Possessing the “highest COVID-19 mortality rate in the world” in mid-2021, Peru was among the hardest-hit nations in Latin America during the peak of the COVID-19 pandemic, UNICEF says. In light of the pandemic’s devastating social and economic ramifications, UNICEF facilitated vaccination rollout efforts by supplying cold chain equipment in Peru. UNICEF’s acquisition of 1,100 solar-powered freezers not only helped transport COVID-19 vaccines across Peru but also helped alleviate the pandemic’s health implications across Latin America.
The Pandemic’s Impact on Peru
According to UNICEF, the COVID-19 pandemic has exacerbated poverty levels and exposed the gravity of inequality in Peru. In 2020, Peru faced a -11.1% decrease in GDP and a “10.5% reduction in household income,” resulting in many Peruvian households, primarily those residing in rural regions, suffering economically, UNICEF reports. Furthermore, according to statistics, Peru experienced 1.5 million job losses while “1.2 million children fell into poverty” and close to 90 million Peruvian children missed out on a formal education during the height of the pandemic.

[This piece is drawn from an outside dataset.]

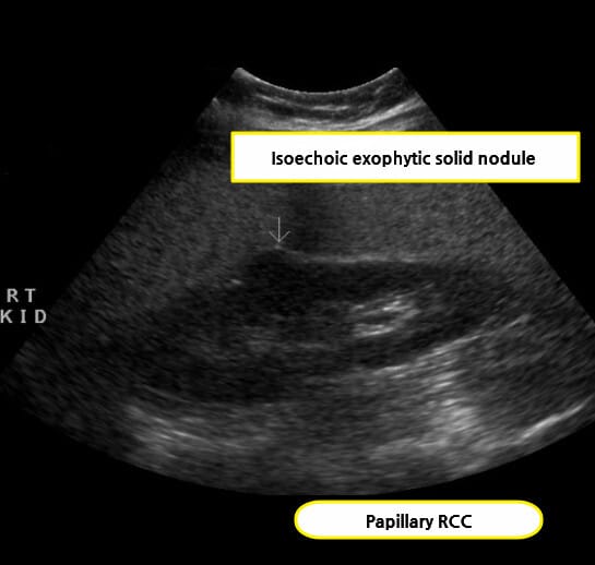| 주로 신장 실질 내에 존재하는 경계 명확한 고형 병변으로 보이며, 주변 실질에 비해 에코가 높거나 비슷한 양상을 보입니다. |

The informal economy and overcrowded housing in Peru are two factors that exacerbate the COVID-19 pandemic’s ramifications in the nation. According to the BBC, 70% of Peru’s working people are employed in the informal sector, which means that many Peruvians faced unemployment, could not earn an income or faced wage cuts due to a lack of job security. Furthermore, Peru’s overcrowded housing allows the COVID-19 virus to spread rapidly due to a lack of social distancing. In addition, Peru’s COVID-19 vaccine rollout has moved slowly.
The Importance of Cold Chain Equipment
In order to help accelerate the vaccine rollout in Peru, proper refrigeration is crucial to “protect the potency” of the COVID-19 vaccine. Thus, vaccination programs use cold chain equipment to store and transport doses across Peru, particularly in rural areas where vaccination distribution is difficult. Electric and solar-powered refrigerators store vaccines in a “2°C to 8°C temperature range,” allowing vaccines to be housed in optimal conditions when traveling through regions that lack access to electricity.

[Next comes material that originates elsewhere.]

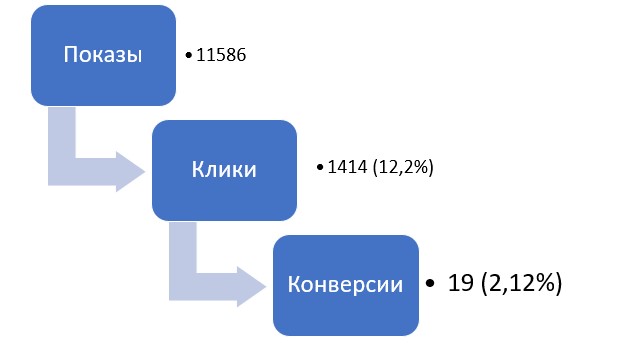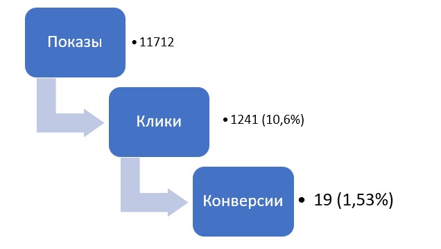 Были достигнуты хорошие показатели конверсионности с кампании на поиске, в следствие постоянной работы по оптимизации кампаний и ключей.

UNICEF’s Vaccination Rollout Strategies in Peru
In light of the adversities impacting Peru, in November 2021, UNICEF’s Supply Division procured 1,100 solar-powered freezers for Peru. UNICEF distributed 57 of these freezers to “Huancavelica, in the Andean region, and Loreto and Ucayali in the Amazon regions,” which are isolated, rural areas with Indigenous people, the UNICEF website says.

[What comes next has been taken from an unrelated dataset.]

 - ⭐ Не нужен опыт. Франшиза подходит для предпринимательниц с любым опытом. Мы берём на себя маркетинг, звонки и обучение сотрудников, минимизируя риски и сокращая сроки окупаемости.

Shipping these units from Luxembourg, UNICEF worked with Peru’s Ministry of Health to inspect the freezers and help distribute vaccines across remote communities that have limited electricity.
Furthermore, in early 2021, UNICEF helped Peru’s Ministry of Health procure an additional 10,339 pieces of refrigeration equipment through “an international procurement process.” UNICEF oversaw delivery times, the quality of equipment and the negotiation of prices to ensure transparency in the competitive procurement process. UNICEF’s delivery of cold chain equipment in Peru, through both direct and intermediary means, ultimately ensured that the ministry could efficiently distribute COVID-19 vaccines across the nation.
Peru’s Rising Vaccination Rates
UNICEF’s delivery of cold chain equipment in Peru helped to significantly increase Peru’s vaccination rates. By October 2022, Peru had administered more than 84 million doses of COVID-19 vaccines. Although Peru is still grappling with the pandemic’s implications, the nation’s steady increase in vaccination rates is indicative of Peru’s bright and promising future.